▸ Task details
Restate word for word the entries below, starting at the line with "- 竖直方向:$ m_1v_1\sin\theta" and ending at the line with "我校各团队通过不懈努力,最终". Keep both end lines and omit the pictures.

▸ Dataset records

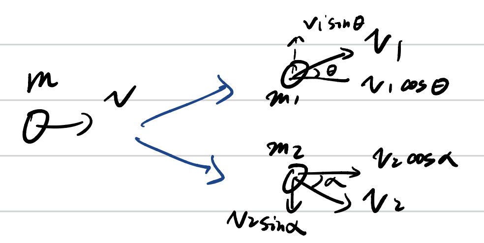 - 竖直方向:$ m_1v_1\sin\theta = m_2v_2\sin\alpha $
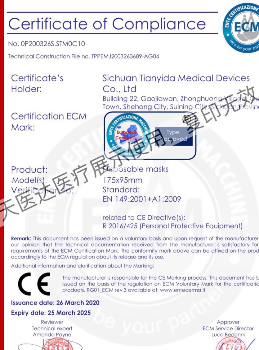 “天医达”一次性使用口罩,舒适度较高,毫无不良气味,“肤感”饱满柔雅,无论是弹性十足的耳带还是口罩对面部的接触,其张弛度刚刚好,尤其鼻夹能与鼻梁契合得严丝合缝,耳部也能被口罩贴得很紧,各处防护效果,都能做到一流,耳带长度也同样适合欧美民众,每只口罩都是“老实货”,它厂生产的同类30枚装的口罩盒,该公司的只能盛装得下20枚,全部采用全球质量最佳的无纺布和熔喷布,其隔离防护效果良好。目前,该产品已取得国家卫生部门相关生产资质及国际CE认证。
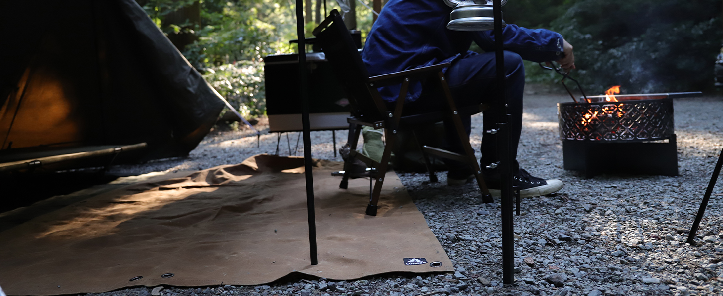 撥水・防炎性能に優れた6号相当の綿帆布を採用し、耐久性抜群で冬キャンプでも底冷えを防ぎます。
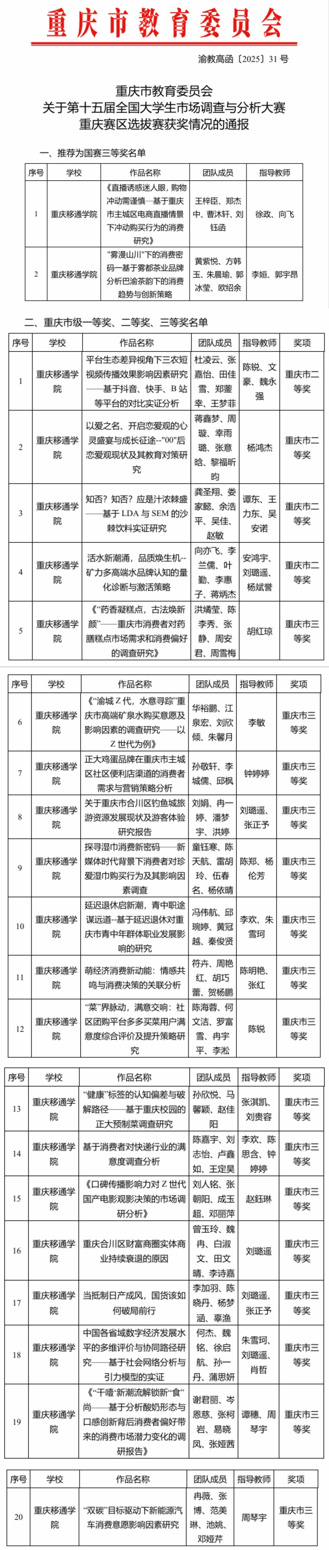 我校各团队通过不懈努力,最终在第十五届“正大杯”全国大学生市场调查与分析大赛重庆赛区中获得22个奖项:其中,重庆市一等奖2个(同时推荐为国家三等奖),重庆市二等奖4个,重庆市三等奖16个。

--

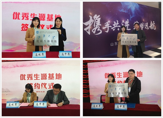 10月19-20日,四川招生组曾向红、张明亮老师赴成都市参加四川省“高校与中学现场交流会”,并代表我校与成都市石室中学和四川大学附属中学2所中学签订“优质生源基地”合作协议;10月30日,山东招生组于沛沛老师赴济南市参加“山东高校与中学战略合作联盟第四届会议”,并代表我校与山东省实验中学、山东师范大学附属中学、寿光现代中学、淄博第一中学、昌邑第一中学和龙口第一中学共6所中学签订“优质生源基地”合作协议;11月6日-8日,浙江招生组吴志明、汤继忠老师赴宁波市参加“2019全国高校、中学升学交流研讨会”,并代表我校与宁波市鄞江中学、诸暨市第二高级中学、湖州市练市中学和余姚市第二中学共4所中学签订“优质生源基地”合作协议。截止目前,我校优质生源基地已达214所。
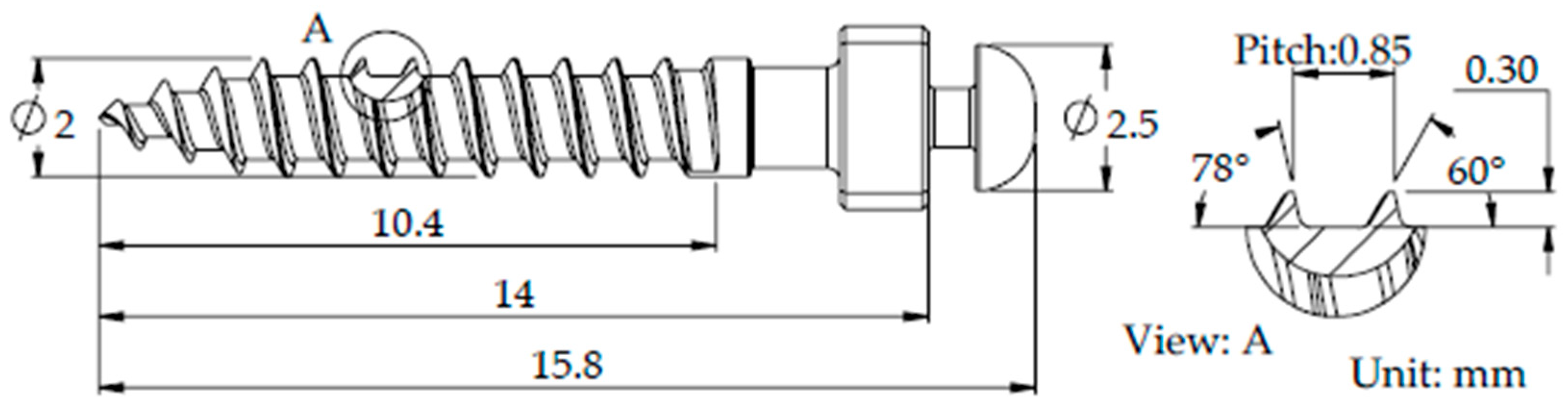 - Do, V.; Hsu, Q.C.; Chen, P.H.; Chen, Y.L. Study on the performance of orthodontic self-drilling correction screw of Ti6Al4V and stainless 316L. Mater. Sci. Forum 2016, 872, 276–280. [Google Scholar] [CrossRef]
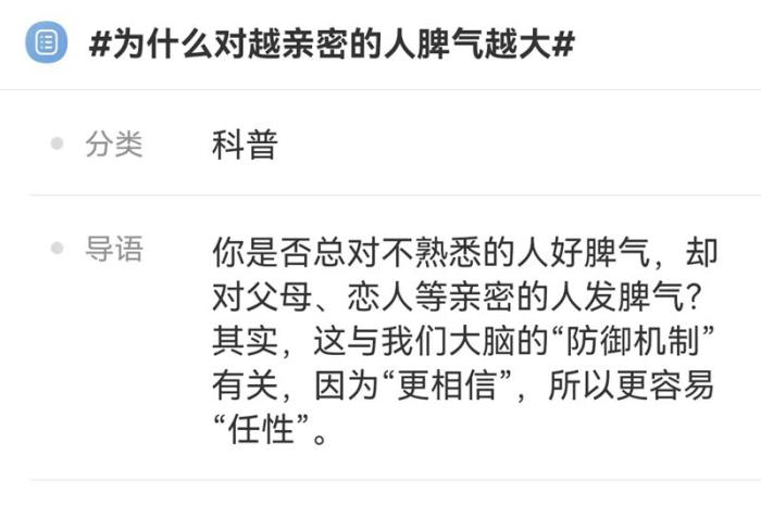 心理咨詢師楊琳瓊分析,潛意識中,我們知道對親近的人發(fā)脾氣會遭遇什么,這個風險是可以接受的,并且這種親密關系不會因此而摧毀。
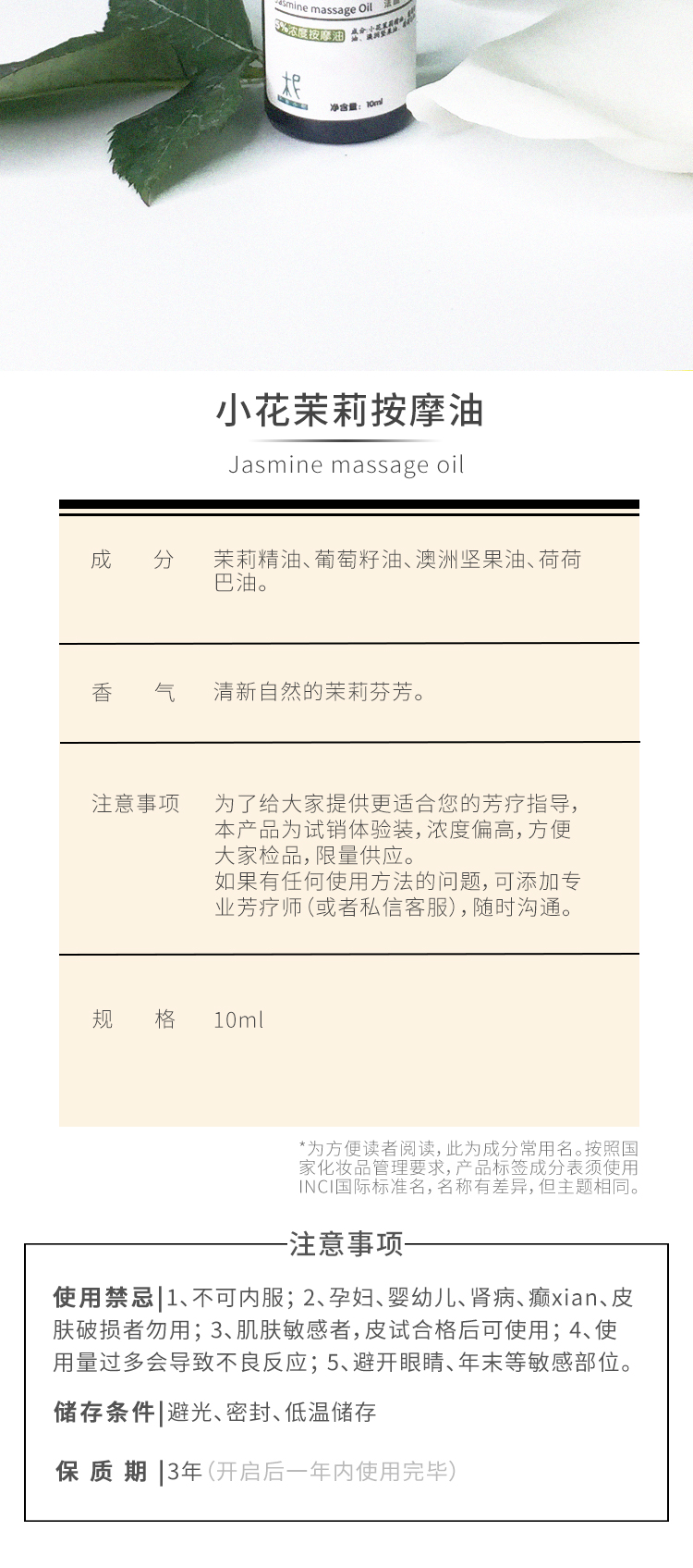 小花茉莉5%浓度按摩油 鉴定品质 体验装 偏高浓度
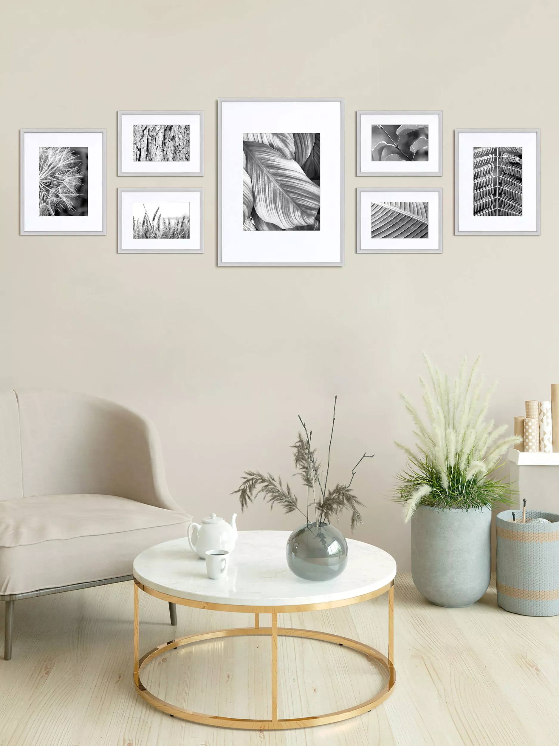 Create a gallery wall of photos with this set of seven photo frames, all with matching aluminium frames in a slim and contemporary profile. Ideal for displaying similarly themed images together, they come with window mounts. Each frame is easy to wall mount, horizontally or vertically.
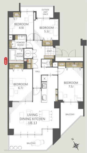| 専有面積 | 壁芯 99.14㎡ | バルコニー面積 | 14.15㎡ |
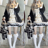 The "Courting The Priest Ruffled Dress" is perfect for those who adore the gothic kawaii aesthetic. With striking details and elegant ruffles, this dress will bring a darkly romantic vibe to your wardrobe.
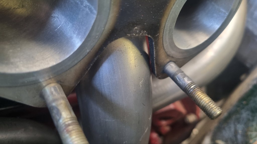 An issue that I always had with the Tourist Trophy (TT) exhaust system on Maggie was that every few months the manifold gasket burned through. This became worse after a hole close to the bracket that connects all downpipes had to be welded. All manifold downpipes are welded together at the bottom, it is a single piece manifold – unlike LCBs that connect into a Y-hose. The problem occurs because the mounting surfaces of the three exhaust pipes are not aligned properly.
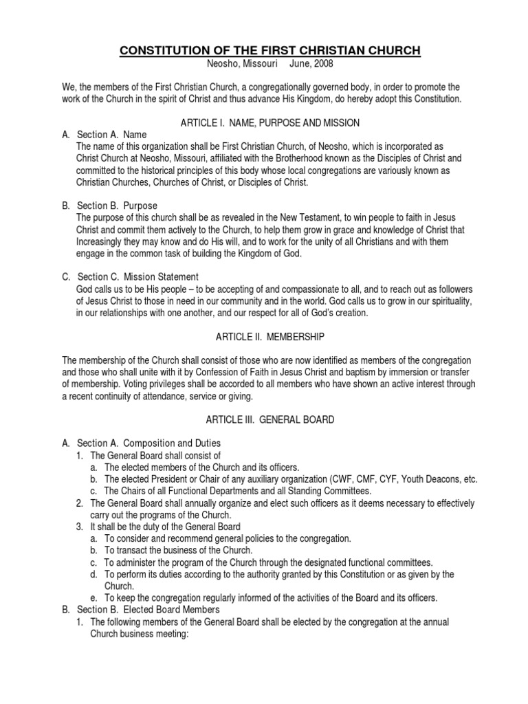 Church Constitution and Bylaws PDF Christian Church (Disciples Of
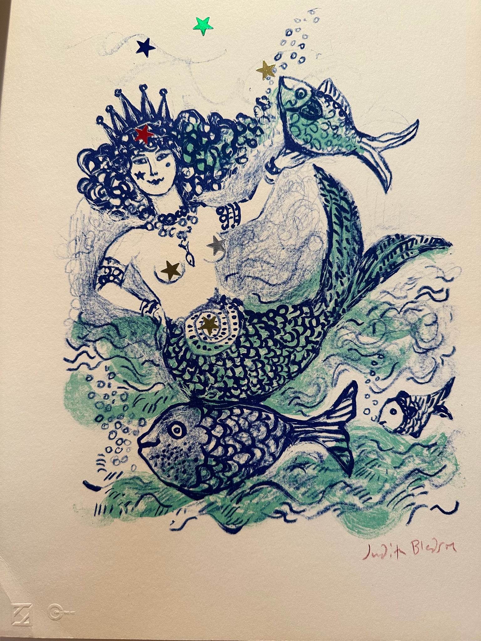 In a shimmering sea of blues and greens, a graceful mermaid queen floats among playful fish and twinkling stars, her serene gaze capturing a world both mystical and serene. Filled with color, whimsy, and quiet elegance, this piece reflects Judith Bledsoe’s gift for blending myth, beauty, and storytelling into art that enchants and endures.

--

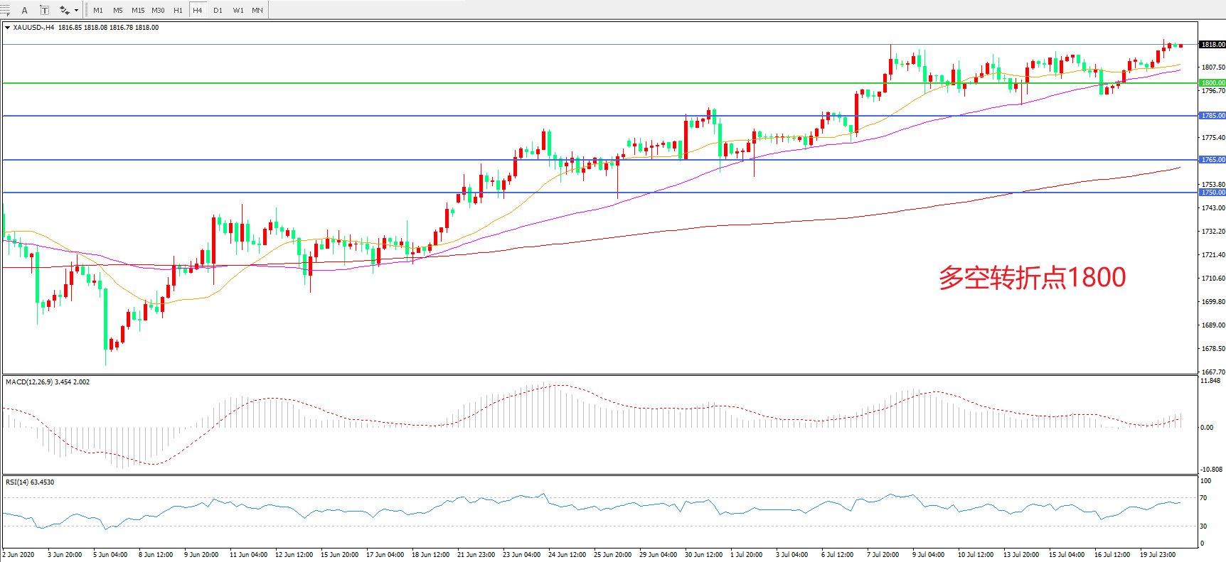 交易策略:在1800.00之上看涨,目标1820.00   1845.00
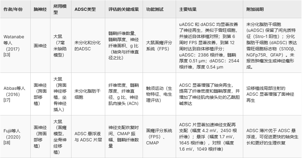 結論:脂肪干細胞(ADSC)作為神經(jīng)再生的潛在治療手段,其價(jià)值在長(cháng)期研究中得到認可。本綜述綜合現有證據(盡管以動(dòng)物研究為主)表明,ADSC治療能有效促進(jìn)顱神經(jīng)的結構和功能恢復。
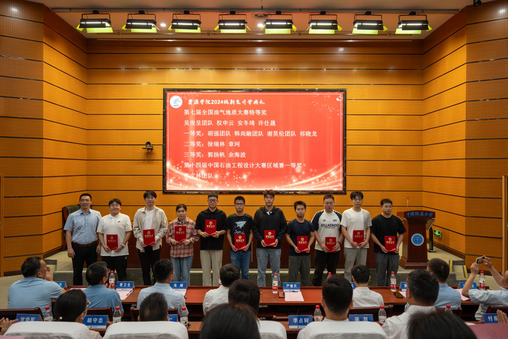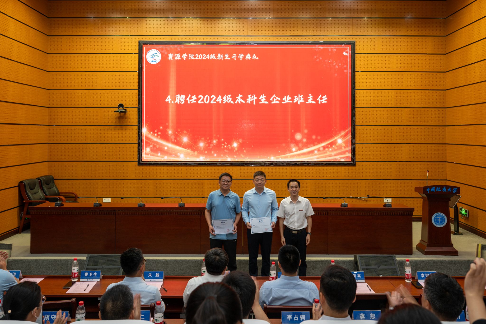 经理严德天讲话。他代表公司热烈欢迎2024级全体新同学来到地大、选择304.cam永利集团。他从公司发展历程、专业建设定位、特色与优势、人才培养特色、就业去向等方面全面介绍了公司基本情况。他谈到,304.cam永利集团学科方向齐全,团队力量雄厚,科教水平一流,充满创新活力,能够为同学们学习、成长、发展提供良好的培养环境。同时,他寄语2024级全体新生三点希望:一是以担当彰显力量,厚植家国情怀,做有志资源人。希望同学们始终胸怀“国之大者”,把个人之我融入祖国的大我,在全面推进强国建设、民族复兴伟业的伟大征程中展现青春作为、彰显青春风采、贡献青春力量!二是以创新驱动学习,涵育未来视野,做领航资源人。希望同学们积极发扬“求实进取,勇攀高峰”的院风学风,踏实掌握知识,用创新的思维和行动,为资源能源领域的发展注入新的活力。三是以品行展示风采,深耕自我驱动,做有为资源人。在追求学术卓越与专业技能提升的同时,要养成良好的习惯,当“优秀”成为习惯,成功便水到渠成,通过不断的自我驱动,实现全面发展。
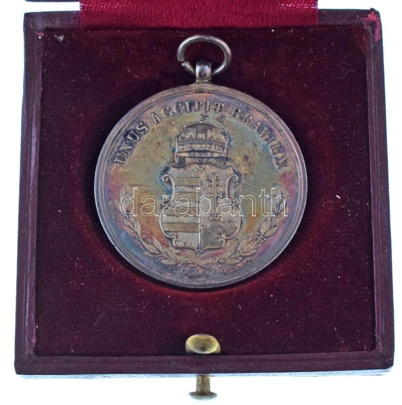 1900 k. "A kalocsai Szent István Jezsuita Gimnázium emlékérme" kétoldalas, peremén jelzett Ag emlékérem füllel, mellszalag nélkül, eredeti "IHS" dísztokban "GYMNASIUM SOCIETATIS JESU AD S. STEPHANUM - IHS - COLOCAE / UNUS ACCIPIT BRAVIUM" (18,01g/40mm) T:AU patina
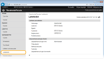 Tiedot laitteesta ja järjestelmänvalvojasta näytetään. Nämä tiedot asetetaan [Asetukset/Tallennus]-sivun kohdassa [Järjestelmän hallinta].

▸ Answer to the exercise
 - 竖直方向:$ m_1v_1\sin\theta = m_2v_2\sin\alpha $
 “天医达”一次性使用口罩,舒适度较高,毫无不良气味,“肤感”饱满柔雅,无论是弹性十足的耳带还是口罩对面部的接触,其张弛度刚刚好,尤其鼻夹能与鼻梁契合得严丝合缝,耳部也能被口罩贴得很紧,各处防护效果,都能做到一流,耳带长度也同样适合欧美民众,每只口罩都是“老实货”,它厂生产的同类30枚装的口罩盒,该公司的只能盛装得下20枚,全部采用全球质量最佳的无纺布和熔喷布,其隔离防护效果良好。目前,该产品已取得国家卫生部门相关生产资质及国际CE认证。
 撥水・防炎性能に優れた6号相当の綿帆布を採用し、耐久性抜群で冬キャンプでも底冷えを防ぎます。
 我校各团队通过不懈努力,最终在第十五届“正大杯”全国大学生市场调查与分析大赛重庆赛区中获得22个奖项:其中,重庆市一等奖2个(同时推荐为国家三等奖),重庆市二等奖4个,重庆市三等奖16个。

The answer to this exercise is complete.